A nasty word conjuring up images of desks placed in isolation, checklists and a hurry up and finish mentality. Something that interferes with exploration and the natural processes of learning, creativity and curiosity.

This week we started exploring What is curriculum?  and I found myself pleasantly surprised with the actual ambiguity of a term I had long considered to be rigid and fixed. While the definition I propose above does not account for all of my experiences with curriculum, it surely comprised the vast majority of my early teaching experiences. I recall the checklist of outcomes I ran through, determined that all students should encounter each one before the end of the school year. After a few years as a teacher, my mentality around this began to change, and with the introduction of the newest curriculum, this changed even further. However, restraints are still there and I began to question the checklist even further during the time of COVID teaching and again after viewing one of the readings for the week by Egan, “Learning in Depth in a Franciscan Friary cell”.  In this blog post, Egan discusses the idea of Learning in Depth ( LiD) and reflects on his life experiences as a Franciscan novice in connection to this concept. The quote Egan used, by Thomas à Kempis, to encapsulate this experience into a singular sentences was “Your cell, if you consistently work in it, becomes sweet, but if you keep not to it, it becomes tedious and distasteful.” What Egan proposes is that time spent learning in depth allows learners to explore a topic in great detail leading to further interest and it thus “becomes sweet”. The opposite, which is often the case when checking off boxes, is that learners do not have the time to explore topics in depth and rather send time skimming the surface. This may result in learning (can we call this learning?) that feels “tedious and distasteful” as opposed to joyful.

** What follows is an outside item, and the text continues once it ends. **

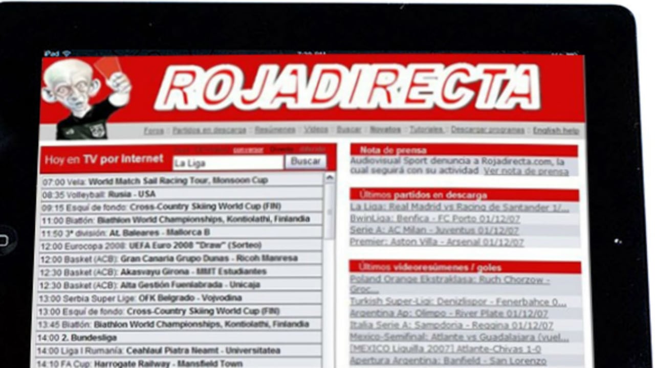 La justicia española, a la que acudieron también otras plataformas de televisión de pago como Mediapro y GolTV, debe pronunciarse sobre la legalidad de Rojadirecta en un juicio para el que aún no hay fecha.
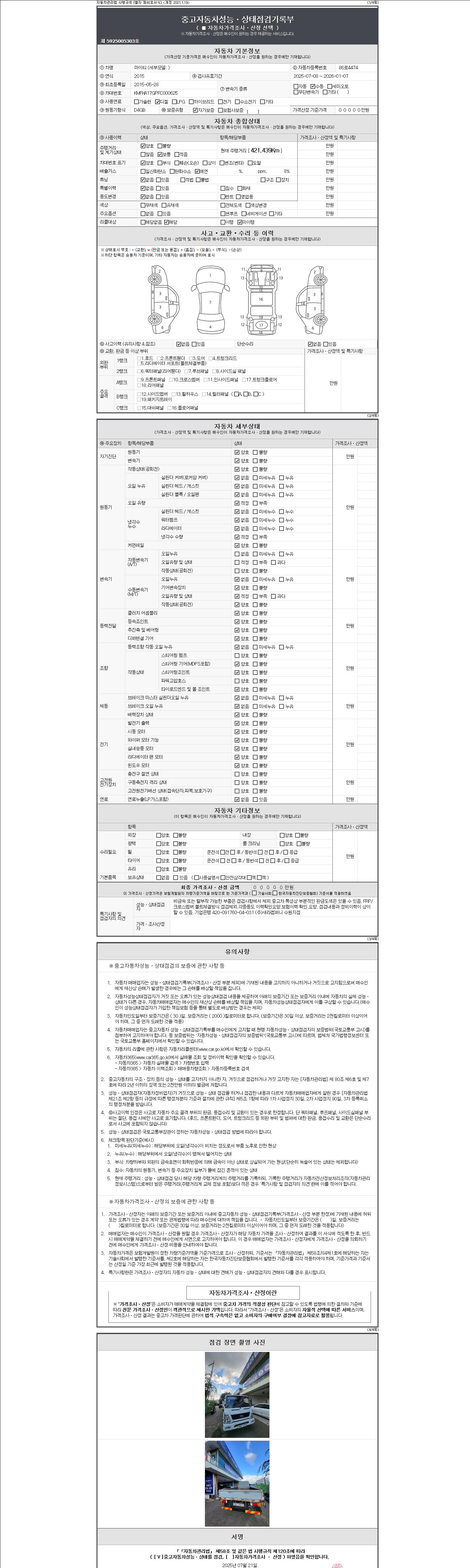 2. 차량 등록증이나 성능점검지 등을 상담자에게 요청및 확인하시고 사전에 미리 점검 하시기를 권유드립니다.

Given this, how can one not want to include LiD within their curriculum? Do we as teachers not strive to create learning experiences such as these for our students? Can LiD and curriculum exist simultaneously? Is curriculum only defined by ministry documents, or is the scope larger than that? Curious, I spent a few minutes exploring some of the introductions within some of the Ministry documents. One notable quote from the ELA 8 document is the statement that “The components of the curriculum work together in a dynamic and flexible way to support deeper learning”. While this is included within the introduction for this particular course, I’m curious about how often this is considered within course planning and whether the content allows for the time needed to create deep learning.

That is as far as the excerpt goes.